- Your instructions -
Return each line of the data below verbatim; pictures are to be left out.
Material for the task Start Marker
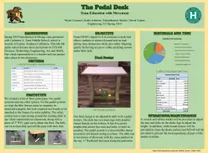 The purpose of this Spring 2019 ENGR 215 project is to build a desk with an attached pedal system for our client, Zane Middle School. Since middle school students have tons of energy and sit in a classroom most of the day, pedaling while working on assignments allows them to quietly get their jitters out will getting work done. Our client representative, middle school teacher Paige Boone, had this problem and gave us the task to build a desk with pedal system to help improve her student's ability to work in the classroom.
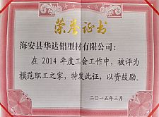海安县华达铝型材有限公司是专业生产铝材阳极氧化、超长阳极氧化、铝合金阳极氧化、大结构件阳极氧化等多种铝合金型材及制品的企业。以质量求生存,以创新求发展是企业宗旨。
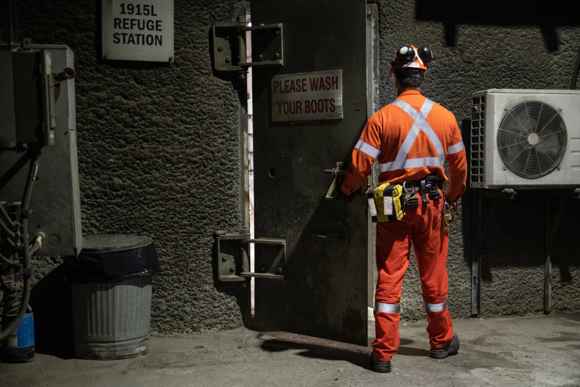 一名工人正進入加拿大嘉能可昂達平深井鎳礦項目1915米層的避難站。
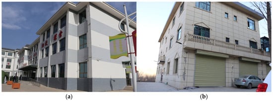 Photographs of typical earthquake damage to dwellings using anti-seismic construction measures. (a) Experimental middle school building. (b) Frame dwellings in Kexinmin Village.
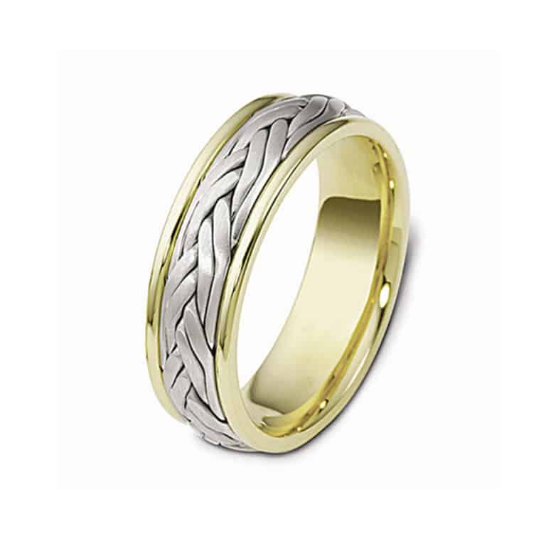 - 14ct White and Yellow Gold Plait Gents Wedding Ring
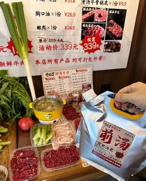 這家杭州菜市場火鍋店主打鮮牛肉,看菜單,他們推的除了2人、4人套餐,就是10人的家庭餐,同時各種標語包括包裝,也都在渲染便于“打包”帶走這點。
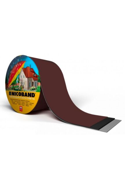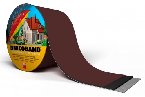 Самоклеющаяся лента марки NICOBAND предназначена для герметизации швов и трещин. Материал представляет собой трёхслойное изделие. Верхний слой – цветное покрытие с УФ-защитой. Средний представляет собой самоклеющийся герметизирующий материал. Нижняя часть – защитная пленка, которая легко отсоединяется. Лента Никобенд нашла широкое применение: материал используют для ремонта кровли, изоляции примыканий и водосточных систем. Изделие отличается хорошим сцеплением с различными материалами, включая древесину, стекло, пластик и бетон.
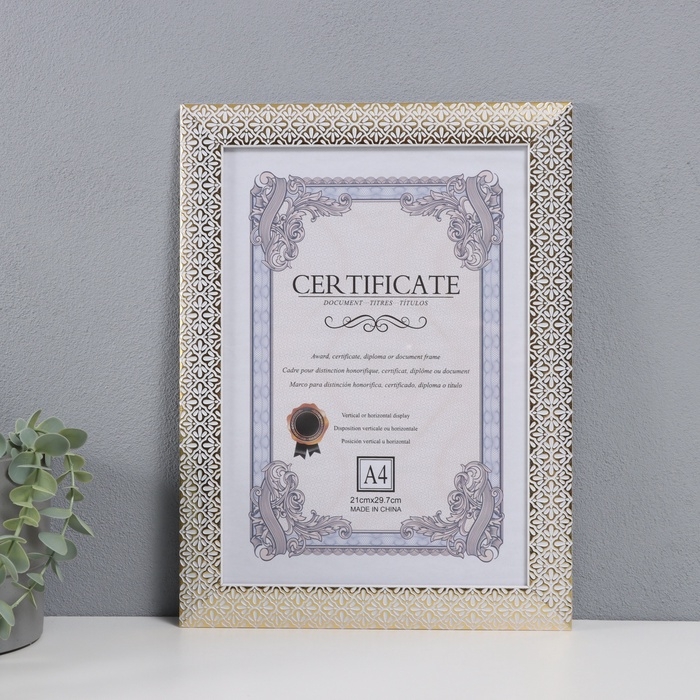 Фоторамка пластик формат А4 "Золотые лепестки ромашки" белая 34,2х25,5 см
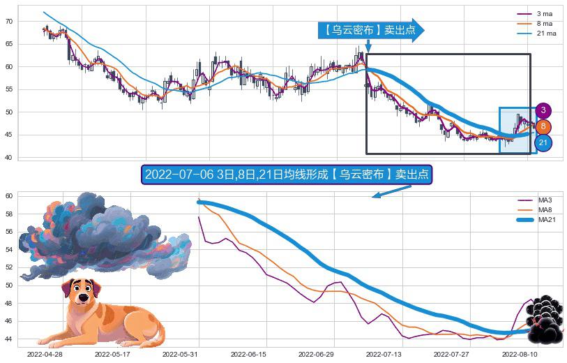 ⚀ 2022-05-31日-2022-08-10日显现 3日-8日-21日均线 【乌云密布】卖出点 看空信号,后市看跌,卖出
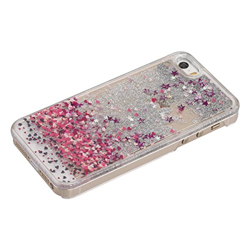 Copertura dura per la iphone SE, iphone 5/5S Custodia Case Cover Rigida per iphone SE/5/5S in 3D Trasparente, Ukayfe Creative Disegno Liquid Flowing Sparkles Argento Shinny Scintillio Bling Stars Polvere con Amore cuore Pittura Anti Scratch Bumper di Protezione Trasparente chiaro liquido Hardcase Cover con Free Stilo Penna - Amore cuore
Material for the task End Marker
- Exercise solution -
 The purpose of this Spring 2019 ENGR 215 project is to build a desk with an attached pedal system for our client, Zane Middle School. Since middle school students have tons of energy and sit in a classroom most of the day, pedaling while working on assignments allows them to quietly get their jitters out will getting work done. Our client representative, middle school teacher Paige Boone, had this problem and gave us the task to build a desk with pedal system to help improve her student's ability to work in the classroom.
海安县华达铝型材有限公司是专业生产铝材阳极氧化、超长阳极氧化、铝合金阳极氧化、大结构件阳极氧化等多种铝合金型材及制品的企业。以质量求生存,以创新求发展是企业宗旨。
 一名工人正進入加拿大嘉能可昂達平深井鎳礦項目1915米層的避難站。
 Photographs of typical earthquake damage to dwellings using anti-seismic construction measures. (a) Experimental middle school building. (b) Frame dwellings in Kexinmin Village.
 - 14ct White and Yellow Gold Plait Gents Wedding Ring
 這家杭州菜市場火鍋店主打鮮牛肉,看菜單,他們推的除了2人、4人套餐,就是10人的家庭餐,同時各種標語包括包裝,也都在渲染便于“打包”帶走這點。
 Самоклеющаяся лента марки NICOBAND предназначена для герметизации швов и трещин. Материал представляет собой трёхслойное изделие. Верхний слой – цветное покрытие с УФ-защитой. Средний представляет собой самоклеющийся герметизирующий материал. Нижняя часть – защитная пленка, которая легко отсоединяется. Лента Никобенд нашла широкое применение: материал используют для ремонта кровли, изоляции примыканий и водосточных систем. Изделие отличается хорошим сцеплением с различными материалами, включая древесину, стекло, пластик и бетон.
 Фоторамка пластик формат А4 "Золотые лепестки ромашки" белая 34,2х25,5 см
 ⚀ 2022-05-31日-2022-08-10日显现 3日-8日-21日均线 【乌云密布】卖出点 看空信号,后市看跌,卖出
 Copertura dura per la iphone SE, iphone 5/5S Custodia Case Cover Rigida per iphone SE/5/5S in 3D Trasparente, Ukayfe Creative Disegno Liquid Flowing Sparkles Argento Shinny Scintillio Bling Stars Polvere con Amore cuore Pittura Anti Scratch Bumper di Protezione Trasparente chiaro liquido Hardcase Cover con Free Stilo Penna - Amore cuore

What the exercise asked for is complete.